- **Supplied information**
»»
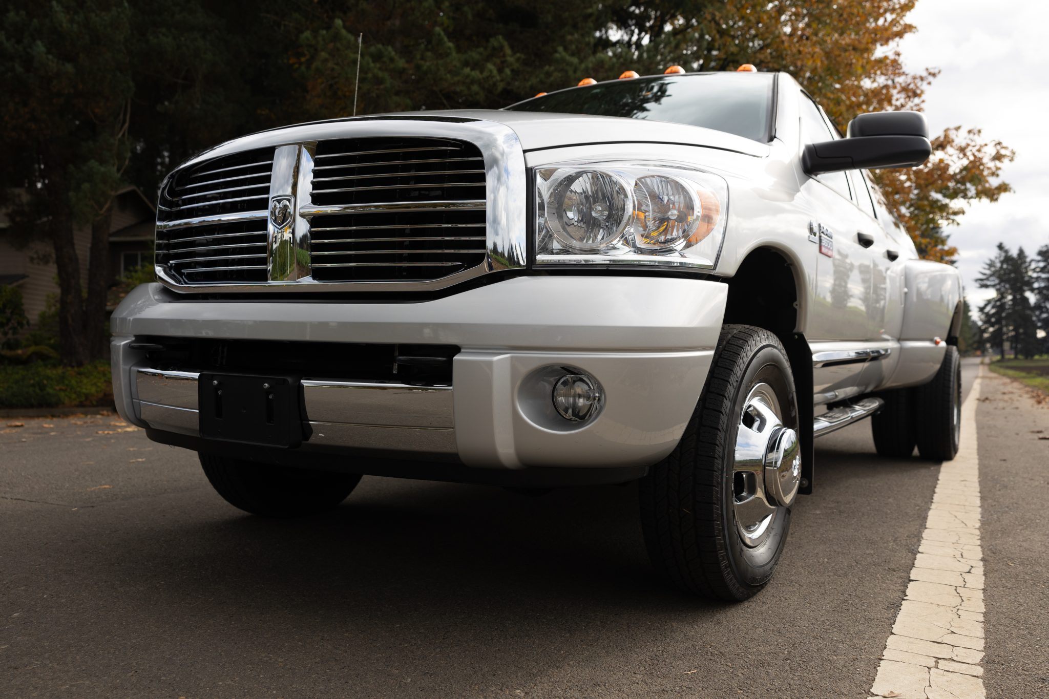 The 17″ steel wheels are mounted with older General Ameritrac tires, and braking is provided by discs at each corner with ABS.
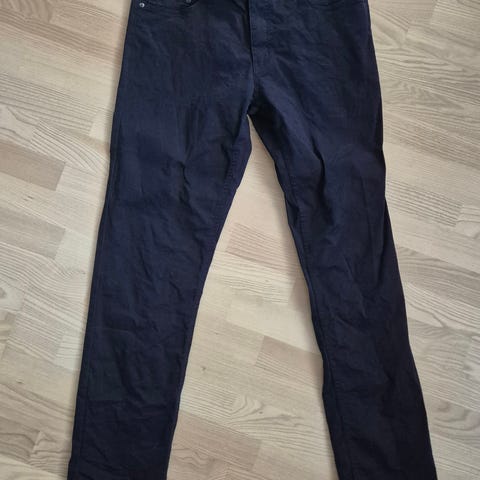 Jack & Jones chino-housut miehille. Koko 34/30.. Väri sininen. Materiaali puuvilla. Housuissa on etu- ja takataskut sekä vyölenkit. Sopivat arki- ja vapaa-ajan käyttöön. Vain kerran käytetyt ja pestyt.
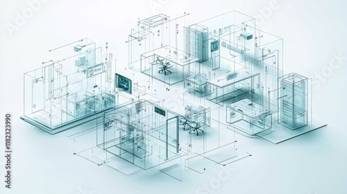 A transparent architectural diagram of interconnected office spaces and furniture layouts.
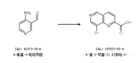 2.通過(guò)4-氨基-3-吡啶甲醛合成8-溴-3-甲基-[1,6]萘啶-2-羧酸
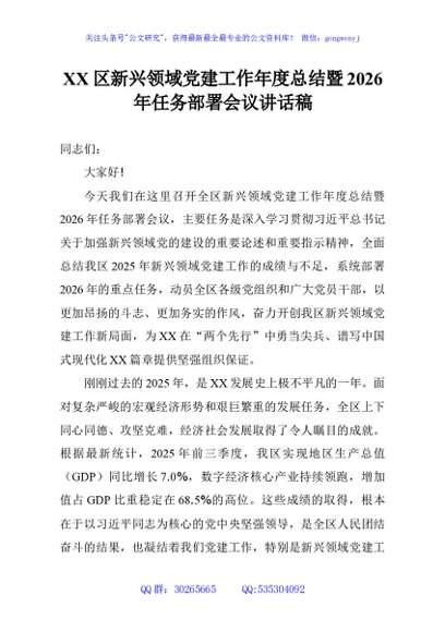 / XX区新兴领域党建工作年度总结暨2026年任务部署会议讲话稿
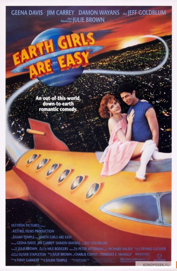 Three aliens — Mac (Jeff Goldblum, Jurassic Park), Zeebo (Damon Wayans, The Last Boy Scout) and Wiploc (Jim Carrey, Man in the Moon) notice a broadcast from Earth filled with aerobics and half-naked women. They follow the signal to Earth and the home of Valerie (Geena Davis, The Long Kiss Goodnight), a manicurist who has lost her fiance, Ted (Charles Rocket, who famously said fuck on Saturday Night Live in an era where that would ruin your career). The aliens crash land in Valerie’s pool and when she investigates, she smacks her head against the UFO.
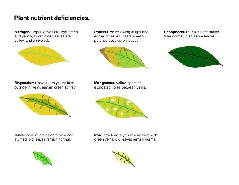 The image above shows how common nutrient deficiencies can appear. However, similar symptoms can also be caused by over- or under-watering, soil compaction, incorrect pH, insects, and other factors. A proper soil test is the best way to confirm whether fertilizing is recommended.
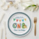 Moderne Dinosaur Erste Geburtstagsparty Teller. Dieses Design bietet Typografie Skript ONE mit Dinosauriern und danke Ihnen für das Fest mit uns Nachricht. Personalisieren Sie weiter mit einem Namen.
««
- **What you have to do**
From the first line to the last, retype the data above exactly, but not its images.

- **Answer to this task**
 The 17″ steel wheels are mounted with older General Ameritrac tires, and braking is provided by discs at each corner with ABS.
 Jack & Jones chino-housut miehille. Koko 34/30.. Väri sininen. Materiaali puuvilla. Housuissa on etu- ja takataskut sekä vyölenkit. Sopivat arki- ja vapaa-ajan käyttöön. Vain kerran käytetyt ja pestyt.
 A transparent architectural diagram of interconnected office spaces and furniture layouts.
 2.通過(guò)4-氨基-3-吡啶甲醛合成8-溴-3-甲基-[1,6]萘啶-2-羧酸
 / XX区新兴领域党建工作年度总结暨2026年任务部署会议讲话稿
 Three aliens — Mac (Jeff Goldblum, Jurassic Park), Zeebo (Damon Wayans, The Last Boy Scout) and Wiploc (Jim Carrey, Man in the Moon) notice a broadcast from Earth filled with aerobics and half-naked women. They follow the signal to Earth and the home of Valerie (Geena Davis, The Long Kiss Goodnight), a manicurist who has lost her fiance, Ted (Charles Rocket, who famously said fuck on Saturday Night Live in an era where that would ruin your career). The aliens crash land in Valerie’s pool and when she investigates, she smacks her head against the UFO.
 The image above shows how common nutrient deficiencies can appear. However, similar symptoms can also be caused by over- or under-watering, soil compaction, incorrect pH, insects, and other factors. A proper soil test is the best way to confirm whether fertilizing is recommended.
 Moderne Dinosaur Erste Geburtstagsparty Teller. Dieses Design bietet Typografie Skript ONE mit Dinosauriern und danke Ihnen für das Fest mit uns Nachricht. Personalisieren Sie weiter mit einem Namen.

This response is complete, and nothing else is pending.